Most visitors staying at The Krishnamurti Centre have their own retreats. Individuals can decide how best to organise their time at the Centre, using facilities such as the library and quiet room, watching their chosen videos on a device or one of the screens set up for this purpose, listening to audio recordings, and walking in the pond and village side.

You must be alone. It is only the mind that is free from all influence, from all tradition, from the various masks it has imposed upon itself through life, and has put away all those, that is alone. And you must be alone, completely naked, stripped of all ideas, of all ideals, beliefs, gods, commitments; then you can take the journey into the unknown.

- From Public Talk 7, Madras, 13 December 1961

What to expect

Don’t you also want to go away sometimes to be quiet and take stock of things and not merely become a repetitive machine, a talker, explainer and expounder? Don’t you want to do that some time, don’t you want to be quiet, don’t you want to know more of yourself? All the same, it is good to retreat to be quiet and to take stock of everything that you have done.

And I think it is essential sometimes to go to retreat, to stop everything that you have been doing, to stop your beliefs and experiences completely, and look at them anew, not keep on repeating like machines whether you believe or do not believe. You would then let in fresh air into your minds. Wouldn't you?

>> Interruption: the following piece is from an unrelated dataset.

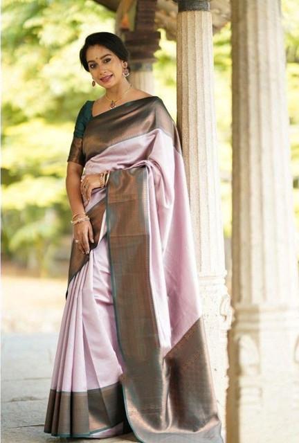 Generic Women's Soft Lichi Silk Printed Saree With Unstitched Blouse 5.5Mtr (Light-Pink)

If you can do so, you would be open to the mysteries of nature and to things that are whispering about us, which you would not otherwise reach; you would reach the God that is waiting to come, the truth that cannot be invited but comes itself. But we are not open to love and other ner processes that are taking place within us because we are all too enclosed by our own ambitions, by our own achievements, by our own desires. Surely it is good to retreat from all that, is it not?

In a retreat, do not plunge into something else, do not take some book and be absorbed in new knowledge and new acquisition. Have a complete break with the past and see what happens.

Sirs, do it, and you will see delight. You will see vast expanses of love, understanding, and freedom. When your heart is open, then reality can come. Then the whisperings of your own prejudices, your own noises, are not heard. That is why it is good to take a retreat, to go away and to stop the routine—not only the routine of outward existence, but the routine which the mind establishes for its own safety and convenience.

Try it, sirs. Then perhaps you will know what is beyond recognition, what truth is which is not measured.

To whom

•    Those interested in spending a days in silence and solitude
•    Anyone who feels they may need time to slow down, reflect and uncover the deeper elements of themselves.
•    Those interested in exploring their relationship to others and the world.
•    Those interested in alternative ways of engaging with the work of Krishnamurti, through silent watching, listening, and engagement with the surrounding landscape.